Method 5: Nerual net (Keras)

For some reason, keras cannot return good result; the prediction always biased to controls. Even with adjusted weights and oversampling, the bias is still there and AUC is always \(0.5\). I included it here in case I figure it out in the future.

In this example, I put a 10:1 weight ratio between case and control.

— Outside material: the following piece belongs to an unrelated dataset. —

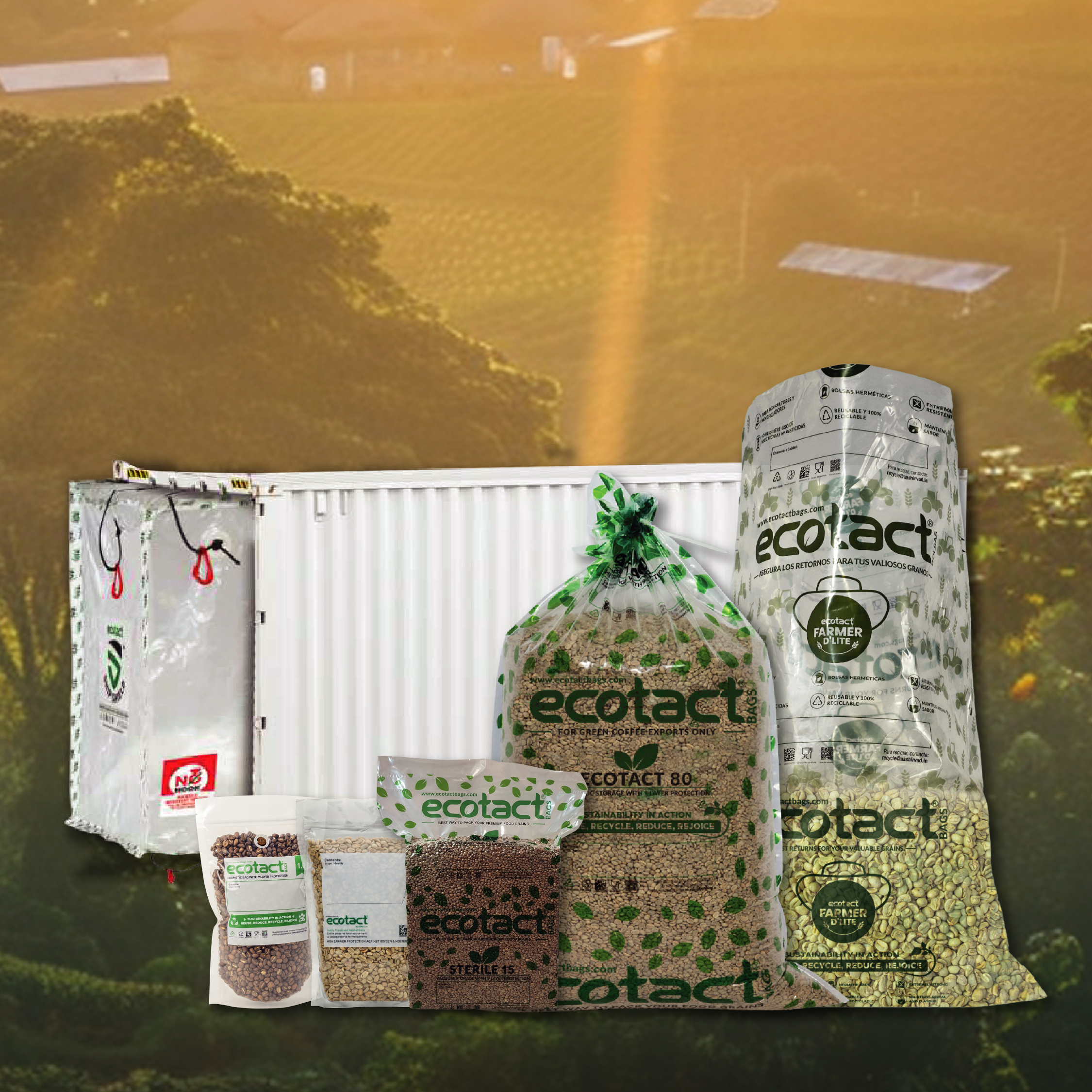 Implementamos tecnología y procesos ecológicos. Nuestras bolsas para exportar café Ecotact son reutilizables y 100% reciclables, contribuyendo a una gestión de residuos eficiente.

y.train <- train$fam$affection

model <- keras_model_sequential() 
model %>%
 layer_dense(units = 1000, activation = "softmax", input_shape = c(ncol(ds)), kernel_regularizer=regularizer_l1(0.02)) %>%
 # layer_dense(units = 1000, activation = "softmax", input_shape = c(2800)) %>%
 # layer_dropout(rate=0.1) %>%
 layer_dense(units = 2, activation = "softmax", kernel_regularizer=regularizer_l1(0.01))

model %>% compile(
 #loss = 'categorical_crossentropy',
 loss = 'mean_absolute_percentage_error',
 optimizer = 'SGD',
 metrics = c('accuracy')
)
y.train <-  to_categorical(y.train)

history <- model$fit(
 ds, y.train,
 class_weight = list(1, 10),
 epochs = as.integer(10), 
 batch_size = as.integer(28)
)
AUC(predict_classes(model, PRS_test[]), test$fam$affection)
## [1] 0.5